By Ron Harui
Jan. 12 (Bloomberg) -- The euro may extend gains to a one- month high of $1.4750 after it rose above so-called resistance at $1.4485, said Andrew Chaveriat, a technical analyst in New York at BNP Paribas SA, citing trading patterns.
Resistance at $1.4485 is the top of the range in which the euro traded between Dec. 22 and Jan. 8, Chaveriat said. The target of $1.4750 was calculated by adding the difference between that top and the $1.4220 bottom of the range to the $1.4485 level, according to Chaveriat.
“The euro has decisively broken out of its recent range, targeting a rise toward the range breakout target” of $1.4750, Chaveriat said in an e-mail to Bloomberg News yesterday. “It’ll be interesting to see how high this rebound goes this week.”
Europe’s single currency traded at $1.4491 as of 11 a.m. in Tokyo from $1.4513 in New York yesterday, when it climbed to $1.4557, the highest level since Dec. 16. The $1.4750 level was last seen on Dec. 11.
The euro’s weekly momentum indicator is also on the “cusp of a bullish crossover” rising from last week’s oversold reading, indicating scope to fuel a “multi-week” rebound, said Chaveriat. “This could see a larger rebound toward $1.4801 and, if crossed, $1.4950.”
The next so-called resistance levels are at $1.4570 and $1.4680, which represent 38.2 percent and 50 percent retracements, respectively, of the euro’s decline from the November high to the December low, Chaveriat said, referring to a series of numbers known as the Fibonacci sequence. Resistance is where there may be selling orders.

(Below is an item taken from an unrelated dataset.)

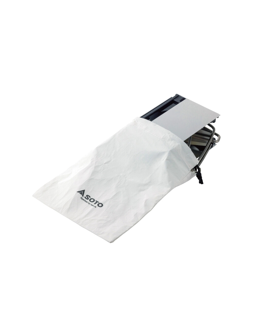 수납 시에는 테이블을 접어 그 사이에 TriTrail(ST-350) 스토브를 딱 맞게 끼워 넣을 수 있습니다. 이 상태 그대로 ST-350의 전용 수납 파우치에 쏙 들어가는 사이즈로 제작되어, 스토브를 충격으로부터 보호하는 케이스 역할까지 겸비한 아이디어 제품입니다. 스토브 없이 단독 미니 테이블로도 활용이 가능합니다.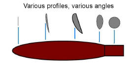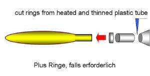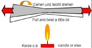 Plastik über einer Kerze o.ä. erwärmen. Wenn das Material anfängt, weich zu werden, die Enden langsam auseinander ziehen und dabei gleichzeitig gegeneinander verdrehen (das ergibt die Schränkung des Blattes, d.h. die Verringerung des Anstellwinkels). | ||||||||||

“A rise above $1.4680 would suggest we’re retracing the entire November-December decline -- opening the 61.8 percent retracement of that selloff at $1.4790 -- not far above $1.4750,” he said.
In technical analysis, investors and analysts study charts of trading patterns and prices to forecast changes in a security, commodity, currency or index.